Bay Citizen, a non-profit news startup, blows $5 mil in one year - freejoe76
http://sfppc.blogspot.com/2010/12/bay-citizen-to-spend-5-million-in-one.html

======
dasht
Journalism and politics are sort of aspects of the same thing. Neither is too
far from money. People should understand Bay Citizen in that mode of thinking.

[aside: I have a really clever start-up idea for a journalistic venture in
Berkeley, CA and would like to find some partners. (lord -at- emf.net) Here's
some back story to the linked story, though.]

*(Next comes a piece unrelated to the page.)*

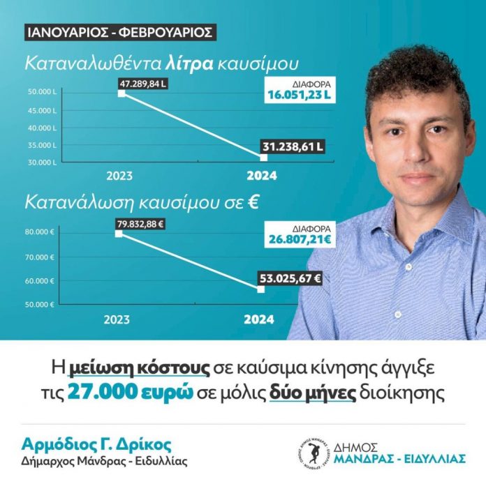 Ο Δήμαρχος Μάνδρας-Ειδυλλίας Αρμόδιος Δρίκος σε σχετική του τοποθέτησή τόνισε τα εξής: «Μία από τις πρώτες προτεραιότητες που προεκλογικά καταθέσαμε στους πολίτες ήταν το νοικοκύρεμα των οικονομικών του Δήμου μας. Με μεγαλύτερο στόλο οχημάτων στους δρόμους, πετύχαμε μόλις σε δύο μήνες, μικρότερη κατανάλωση καυσίμων και οικονομία χρημάτων. Η εξοικονόμηση πόρων είναι αποτέλεσμα σκληρής και επίμονης δουλειάς και σωστού προγραμματισμού. Η προσπάθεια φυσικά σε αυτό τον τομέα είναι άκρως απαιτητική και καθημερινή, και δεν πρέπει να σταματά ποτέ. Ένας Δήμος που εξοικονομεί χρήματα, σε στέρεες βάσεις, χωρίς «θηλιές» του παρελθόντος να τον στραγγαλίζουν οικονομικά, μπορεί να προσφέρει στους Δημότες και να στηρίξει τις ανάγκες του συνόλου. Δεν πανηγυρίζουμε, το νοικοκύρεμα συνεχίζεται».
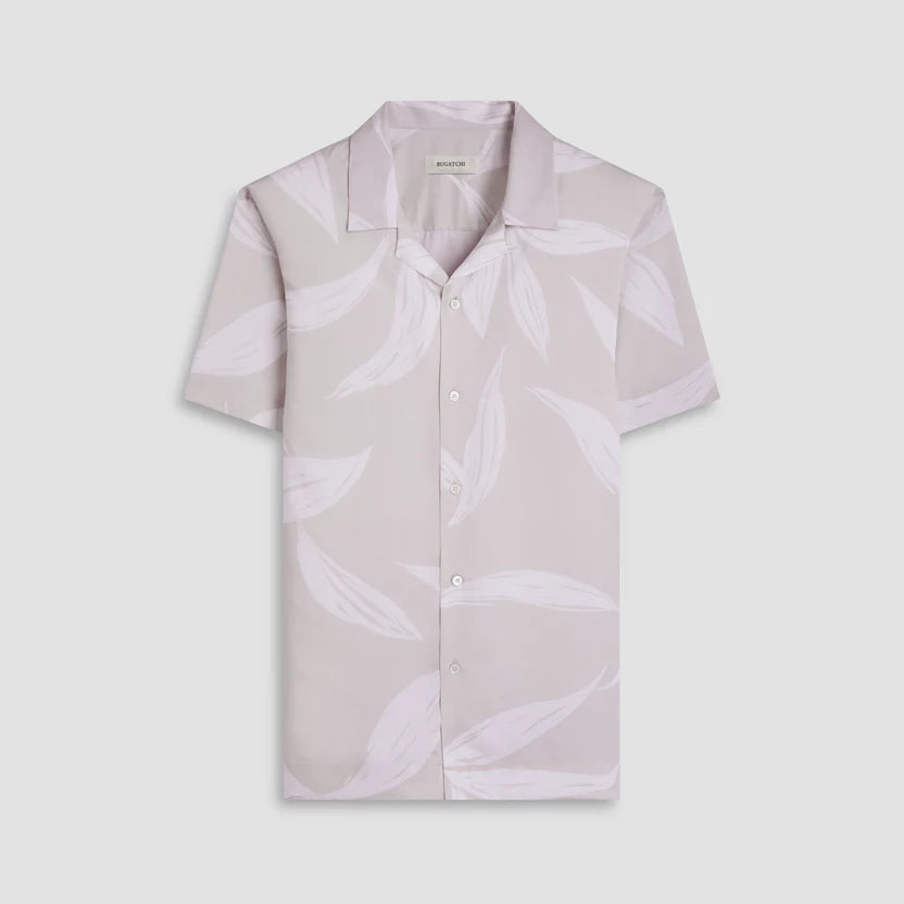 Bugatchi Jackson Leaf Print Short Sleeve Camp Shirt - Almond

In the Bay Area, the journalism industry has crashed pretty hard. Papers have
failed, others shrunk considerably. A lot of government operates under far
less scrutiny than T any time in living memory.

Historically, news moguls have had enormous political power. The movie Citizen
Kane gives a cartoonish sense of the Hearst news / political machine. (The
S.F. Chronicle is currently a Hearst paper. The real world Hearst castle that
corresponds to the one in the movie is in these parts. Etc.)

The Hellman's (Bay Citizen's main benefactors and instigators) qualify, in
this region, as "old money". The first Hellman to rise prominence here was a
major player. If you read the society pages (what's left of them) you'll
sometimes see the Hellman's and branches of that family like the Dinkelspiel's
come up. They are Big Shots in these parts.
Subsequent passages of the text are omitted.